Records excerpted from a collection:
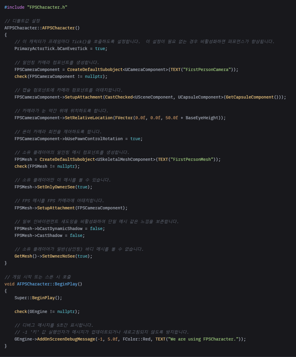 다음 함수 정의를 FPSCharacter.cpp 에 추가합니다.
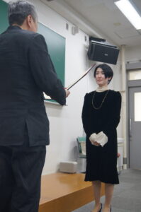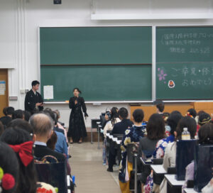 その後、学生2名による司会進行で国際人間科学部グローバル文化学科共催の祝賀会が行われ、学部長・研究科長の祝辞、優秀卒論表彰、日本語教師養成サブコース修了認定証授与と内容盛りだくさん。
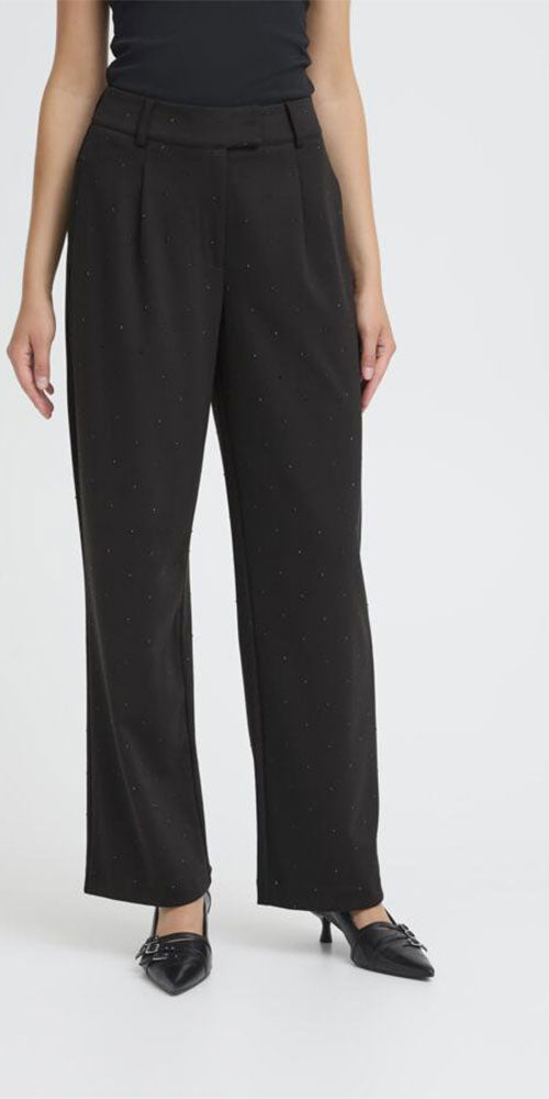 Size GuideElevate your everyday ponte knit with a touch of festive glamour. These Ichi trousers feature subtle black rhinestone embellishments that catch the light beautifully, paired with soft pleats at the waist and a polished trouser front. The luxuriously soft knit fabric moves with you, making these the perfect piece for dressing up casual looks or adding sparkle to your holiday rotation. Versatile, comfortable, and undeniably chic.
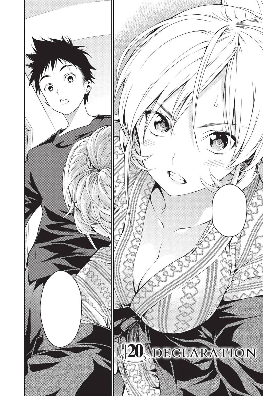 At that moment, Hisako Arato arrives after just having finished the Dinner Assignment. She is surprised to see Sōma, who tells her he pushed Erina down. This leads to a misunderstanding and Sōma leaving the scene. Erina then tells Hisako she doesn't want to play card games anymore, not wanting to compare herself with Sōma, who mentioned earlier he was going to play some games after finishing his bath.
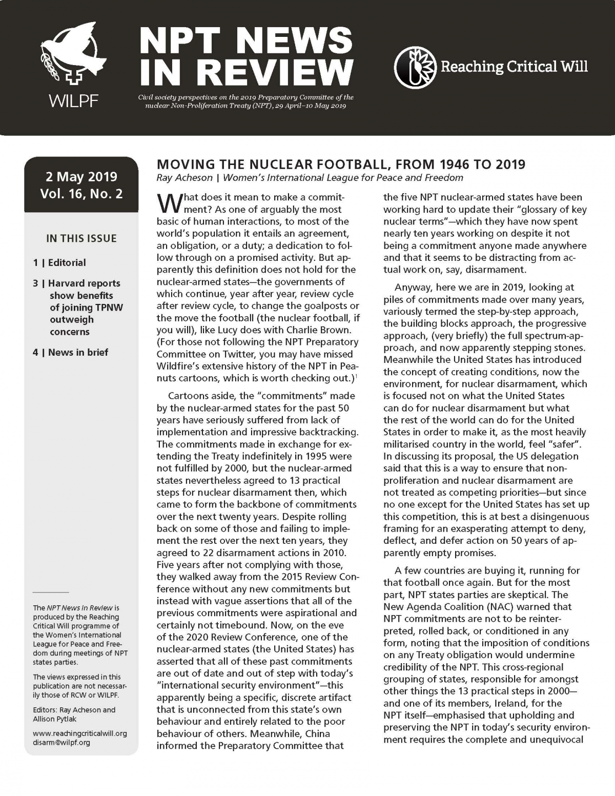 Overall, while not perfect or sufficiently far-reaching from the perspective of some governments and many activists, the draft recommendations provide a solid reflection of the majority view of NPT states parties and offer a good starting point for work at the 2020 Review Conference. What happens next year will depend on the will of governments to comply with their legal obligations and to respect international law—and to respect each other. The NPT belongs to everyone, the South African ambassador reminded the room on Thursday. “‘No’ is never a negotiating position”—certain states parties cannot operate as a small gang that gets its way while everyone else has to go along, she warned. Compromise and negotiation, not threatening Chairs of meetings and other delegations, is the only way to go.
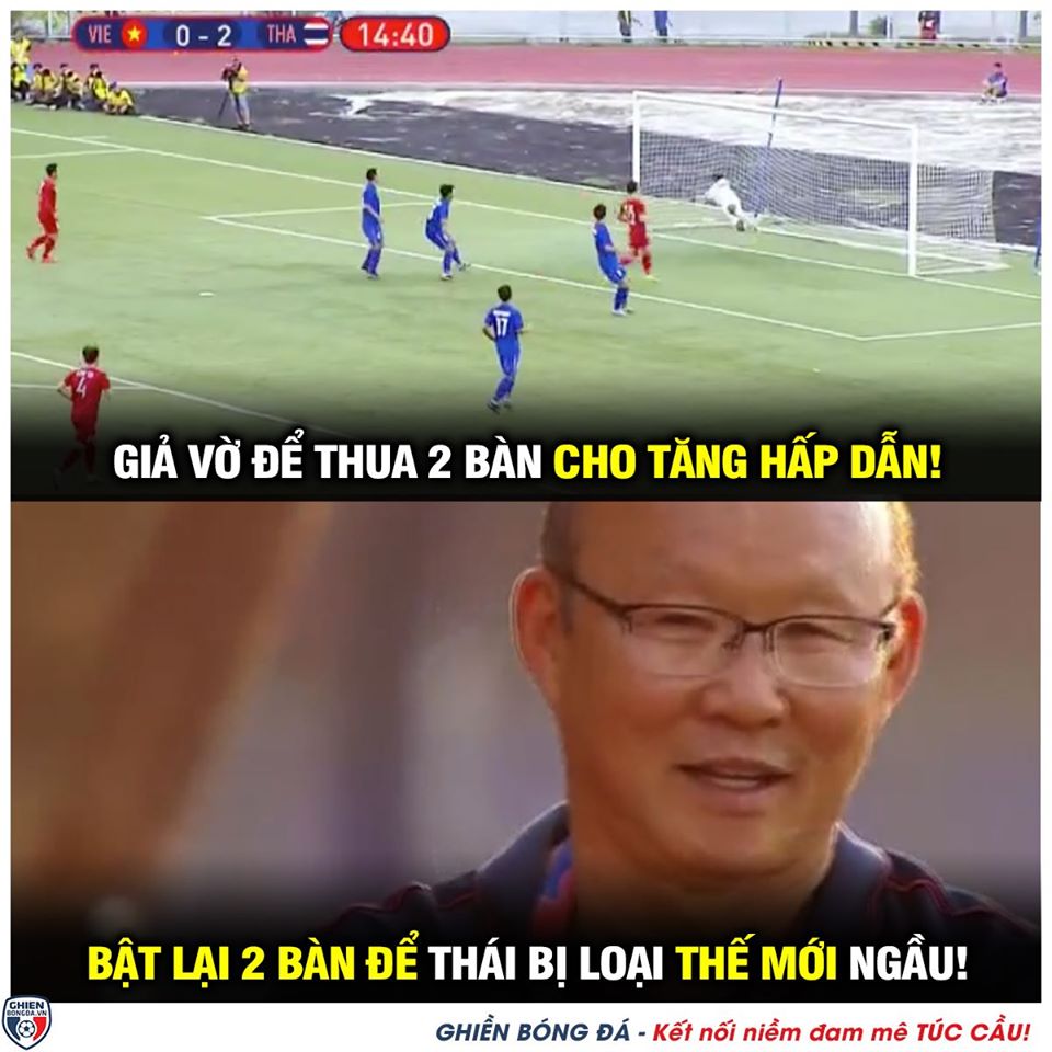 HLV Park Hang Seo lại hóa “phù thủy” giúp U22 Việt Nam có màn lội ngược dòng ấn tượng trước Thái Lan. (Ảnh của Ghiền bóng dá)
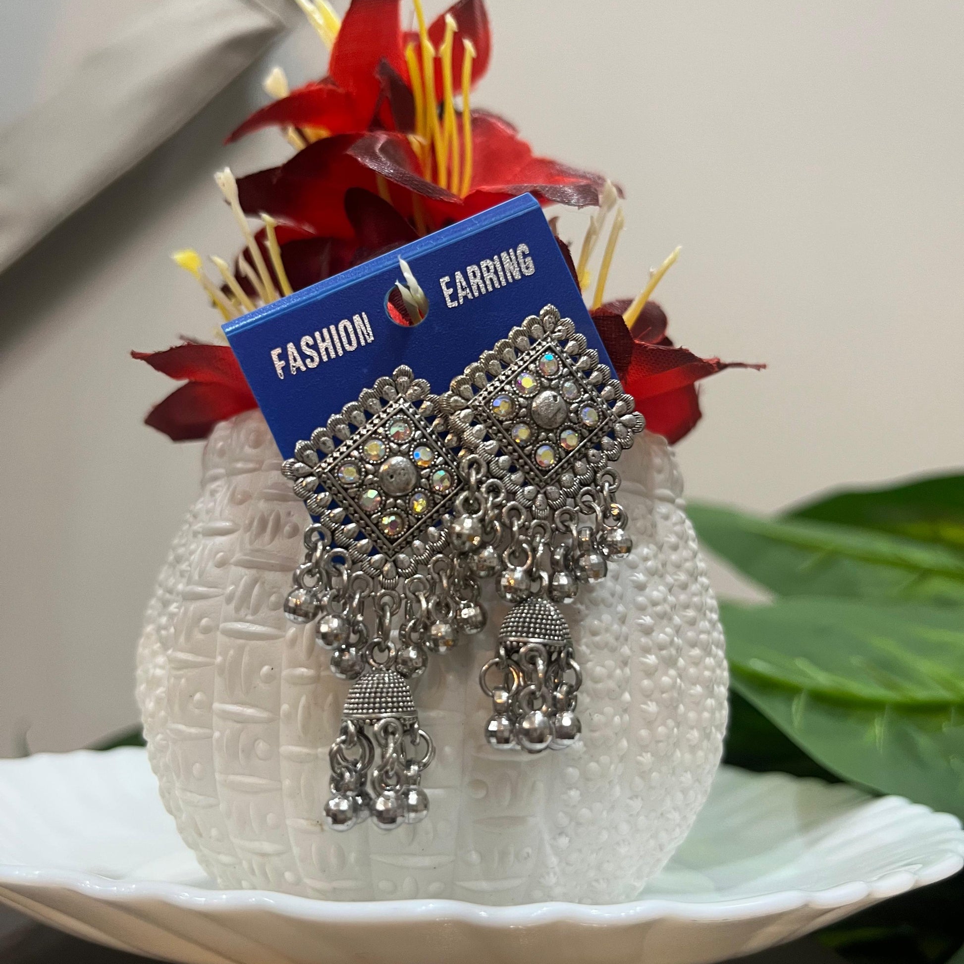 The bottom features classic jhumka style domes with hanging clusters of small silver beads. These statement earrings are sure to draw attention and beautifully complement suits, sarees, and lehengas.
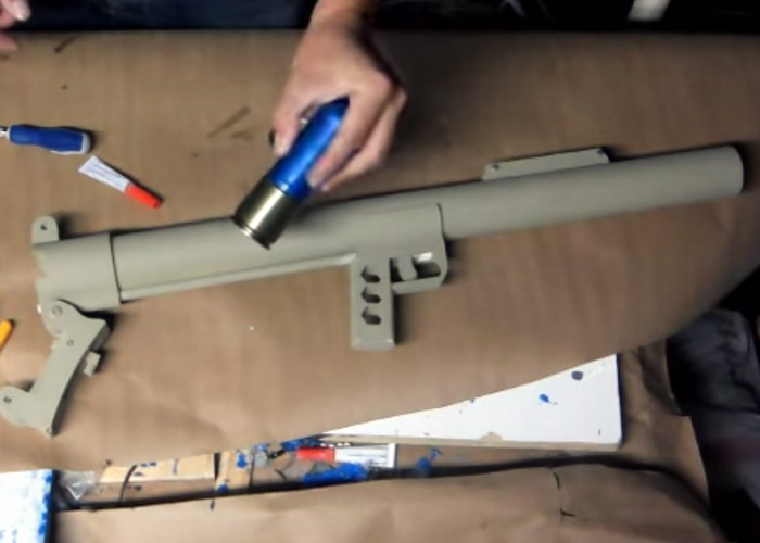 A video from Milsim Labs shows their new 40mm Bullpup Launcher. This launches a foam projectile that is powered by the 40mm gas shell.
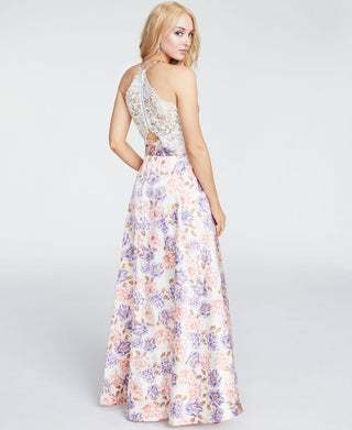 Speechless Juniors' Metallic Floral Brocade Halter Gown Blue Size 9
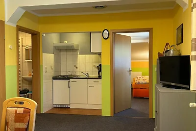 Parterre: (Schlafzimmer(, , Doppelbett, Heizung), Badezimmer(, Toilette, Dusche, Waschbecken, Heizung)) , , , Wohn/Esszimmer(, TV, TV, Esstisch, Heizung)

• _EXERCISE BRIEF_:
Your task is to restate every record word for word. Omit all pictures.

• _WRITTEN ANSWER_:
 다음 함수 정의를 FPSCharacter.cpp 에 추가합니다.
 その後、学生2名による司会進行で国際人間科学部グローバル文化学科共催の祝賀会が行われ、学部長・研究科長の祝辞、優秀卒論表彰、日本語教師養成サブコース修了認定証授与と内容盛りだくさん。
 Size GuideElevate your everyday ponte knit with a touch of festive glamour. These Ichi trousers feature subtle black rhinestone embellishments that catch the light beautifully, paired with soft pleats at the waist and a polished trouser front. The luxuriously soft knit fabric moves with you, making these the perfect piece for dressing up casual looks or adding sparkle to your holiday rotation. Versatile, comfortable, and undeniably chic.
 At that moment, Hisako Arato arrives after just having finished the Dinner Assignment. She is surprised to see Sōma, who tells her he pushed Erina down. This leads to a misunderstanding and Sōma leaving the scene. Erina then tells Hisako she doesn't want to play card games anymore, not wanting to compare herself with Sōma, who mentioned earlier he was going to play some games after finishing his bath.
 Overall, while not perfect or sufficiently far-reaching from the perspective of some governments and many activists, the draft recommendations provide a solid reflection of the majority view of NPT states parties and offer a good starting point for work at the 2020 Review Conference. What happens next year will depend on the will of governments to comply with their legal obligations and to respect international law—and to respect each other. The NPT belongs to everyone, the South African ambassador reminded the room on Thursday. “‘No’ is never a negotiating position”—certain states parties cannot operate as a small gang that gets its way while everyone else has to go along, she warned. Compromise and negotiation, not threatening Chairs of meetings and other delegations, is the only way to go.
 HLV Park Hang Seo lại hóa “phù thủy” giúp U22 Việt Nam có màn lội ngược dòng ấn tượng trước Thái Lan. (Ảnh của Ghiền bóng dá)
 The bottom features classic jhumka style domes with hanging clusters of small silver beads. These statement earrings are sure to draw attention and beautifully complement suits, sarees, and lehengas.
 A video from Milsim Labs shows their new 40mm Bullpup Launcher. This launches a foam projectile that is powered by the 40mm gas shell.
 Speechless Juniors' Metallic Floral Brocade Halter Gown Blue Size 9
 Parterre: (Schlafzimmer(, , Doppelbett, Heizung), Badezimmer(, Toilette, Dusche, Waschbecken, Heizung)) , , , Wohn/Esszimmer(, TV, TV, Esstisch, Heizung)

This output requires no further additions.